Member of Parliament
- In office 2007–2008
- Prime Minister: Geir Haarde

Personal details
- Born: 25 December 1961 (age 64) Hveragerði, Iceland
- Party: Progressive Party L-List of Sovereignty Supporters
- Profession: book seller

= Bjarni Harðarson =

Icelandic politician (born 1961)

Bjarni Harðarson (born 25 December 1961 in Arnýjarhús, Hveragerði) is a bookseller, novelist, and former MP from the Icelandic Progressive Party.

==Election and resignation==
Bjarni was elected to parliament in 2007 as the eighth MP from the South Constituency. On 10 November 2008 he was involved in a political scandal; when he mistakenly leaked a document of his that contained strong criticism of Valgerður Sverrisdóttir, vice chairman of the Progressive Party, by emailing it to the press. The day after, Bjarni resigned from parliament.

==2009 election==
In the 2009 election, Bjarni ran as a candidate for the L-List of Sovereignty Supporters. He did not win a seat in the Althing; his previous constituency was taken by Margrét Tryggvadóttir.

==Literary activities==

Bjarni and his wife Elín Gunnlaugsdóttir (composer and poet) run Bókakaffið (https://www.bokakaffid.is/), a legendary bookshop in Selfoss which opened on 6 October 2006, and an outlet with the same name in Ármúli in Reykjavík. The two shops specialise in the sale of new and used books. The ever-growing publishing arm of Bókakaffið is Sæmundur (formerly Sunnlenska bókaútgáfan), boasting a catalogue of more than 200 books.

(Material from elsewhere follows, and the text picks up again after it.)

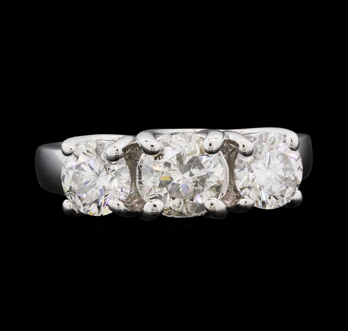 One electronically tested 14KT white gold lady's cast three stone wedding ring with a tapered shank with a bright polish finish. The featured lady's ring has a scalloped under gallery and a shank measuring 1.90 millimeters wide. Identified with markings of "14K". Condition is new, good workmanship. Containing: One prong set round brilliant cut diamond, measuring 5.85 - 5.80 x 3.81mm (depth est.) , 5.00.%. GTCF approximate weight of 0.83ct. Graded in the setting. Color I Clarity I-1 Cut Good Two prong set round brilliant cut diamonds, measuring 5.45 - 5.35 x 3.36mm (depth est.) approximate. Total Weight of 2 Stones = 1.17ct. Graded in the setting. Color H - I Clarity I-1 Cut Good. Total Weight of Diamonds 2.00ct.. Total Weight of Ring 6.20gm. GAS Appraised.

Bjarni has published numerous novels, including:

- Mörður (Selfoss: Sæmundur, 2014), ISBN 978-9935-465-04-7
- Mensalder (Selfoss: Sæmundur, 2012), ISBN 9789935901491; 9935901491
- Sigurðar saga fóts: Íslensk riddarasaga (Selfoss: Sæmundur, 2010), ISBN 9789935901408; 9789935901439
- Svo skal dansa: skáldsaga úr veruleikanum (Reykjavík: Veröld, 2009), ISBN 9789979789567; 9979789565

He has also published on folklore, and a collection of articles:

- Farsældar Frón: greinasafn Bjarna Harðarsonar (Selfoss: Sunnlenska bókaútgáfan, 2008) ISBN 9789979960379; 997996037X.
- Landið, fólkið og þjóðtrúin: kortlagðir álagablettir og byggðir trölla, álfa, drauga, skrímsla og útilegumanna í Árnesþingi (Selfoss: Sunnlenska bókaútgáfan, 2001), ISBN 9979607025; 9789979607021.
Bjarni likes to write while abroad, drafting Sigurðar saga fóts in Ethiopia, writing Mensalder largely in a five-week period in Pakistan, and writing Mörður in Senegal.